325日目。毎日残すこの言葉を、恥のあまり燃やしてしまいたいと何度思ったことだろう。0~100日目は感情と虚無、100~200日目は武士道と死、200日目~300日目は魂と生命の救済、そして300日目からは善悪と堕落が中心のテーマになりつつある。運命の歯車が、ひとつ、またひとつと回転するごとに、自分の知らなかった世界がそこに横たわるが、その度に大海原を前に砂浜で遊んでいる赤ん坊にすぎないのだと自覚する。

ここ数日間も堕落について書いているけれど、堕落を書くことはとても苦しい。どんな言葉を綴ろうと無意味、(これはすべてに言えることだけれども)最後にはもう行動にうつすことにしか真実はないと知るとき、それ以上に無理やり生み出す言葉は変に理屈っぽくなるばかりで、頭が熱っぽくなる。自分の心臓を握られながら、目の前の奈落に堕ちることだけが試されているようなのだ。

 

早寝早起き、健康な食事、毎朝走って、ゴミ拾い。お天道様にお辞儀をし、隣の婆さんに挨拶をする。爽やかな風に鼻歌を乗せ、今日も元気で笑顔の1日が始まる。そうして生きれば、心は綺麗になる。道徳は心を綺麗にし、堕落は心を荒ませる。今日は”警察”が増えたようで、道徳を破る人間を、まわりは声をあげて非難するが、気を付けなければ、道徳を守ることが人生の目的となりはしないか。いけないことはいけない、それは正しいことだけれど、魂は地上の道徳におさまるほど生温いものではない。

 

昨日、荒んだ心が耐えきれなくなり、精神に救いの道を見出そうとした。心や感情は、欲望を抱えながら自己の内側に存在するものであり、精神は、宇宙美を備えて自己の外側に存在するものだと思う。坂口安吾は、人間は堕ちきる強さを持たず、最終的には自己の武士道を編み出さずにはいられないと言った。これは、堕落によって荒んだ心の苦痛を経由して、自己の外側に精神を築く過程をいうのではないか。精神を築いた人間は、宇宙の美学に身を委ねながら、いっぽうで地上に残した荒んだ心に、悲哀の涙を宿すのだと思う。精神の悲哀は、堕落と孤独に裏付けられている。

 

しかし、堕ちきる力のない人間の精神などたかが知れている。堕ちる力と精神をつくり出す力は、同じ出力だと思う。
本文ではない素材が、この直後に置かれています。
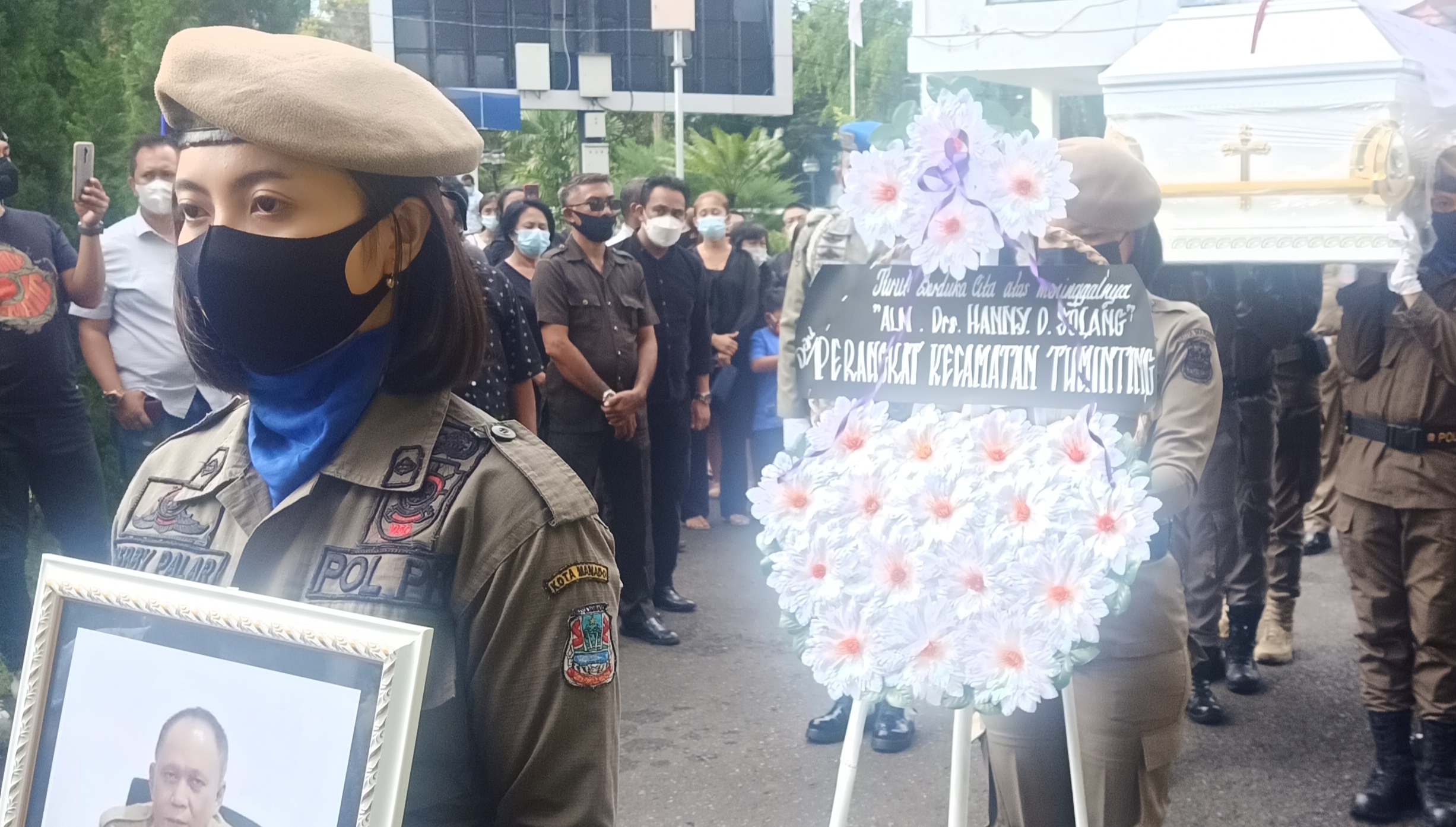 Manado, SwaraKawanua.ID-Jenasah Kepala Badan (Kaban) Kesbangpol Pemkot Manado, Hanny Solang disemayamkan di kantor Pemkot Manado, Senin (01/02/2021) sekitar pukul 15.00 Wita. Rombongan Jenazah tiba di Pemkot Manado dijemput oleh Satuan Polisi Pamong Praja Kota Manado.

堕ちきることのできなかった生命のつくりだす精神はその程度のもので、堕ちきった生命ほど強烈な精神をつくりだせる。堕ちることを知らない人間は、心はあるが、精神はない。精神はいつも宇宙の垂直方向に上昇しようとするもので、下降(堕落)の反動によるものではないか。正しい堕落は、宇宙に対して垂直方向に行われるもので、天との関係の中にある。天がなければ堕落はできず、信仰に対する不信仰が堕落となる。それはやっぱり、つまらないことで、クズ野郎であるに違いないのだけれど、天への憧れに向かうには、堕ちなければならないのだろうか。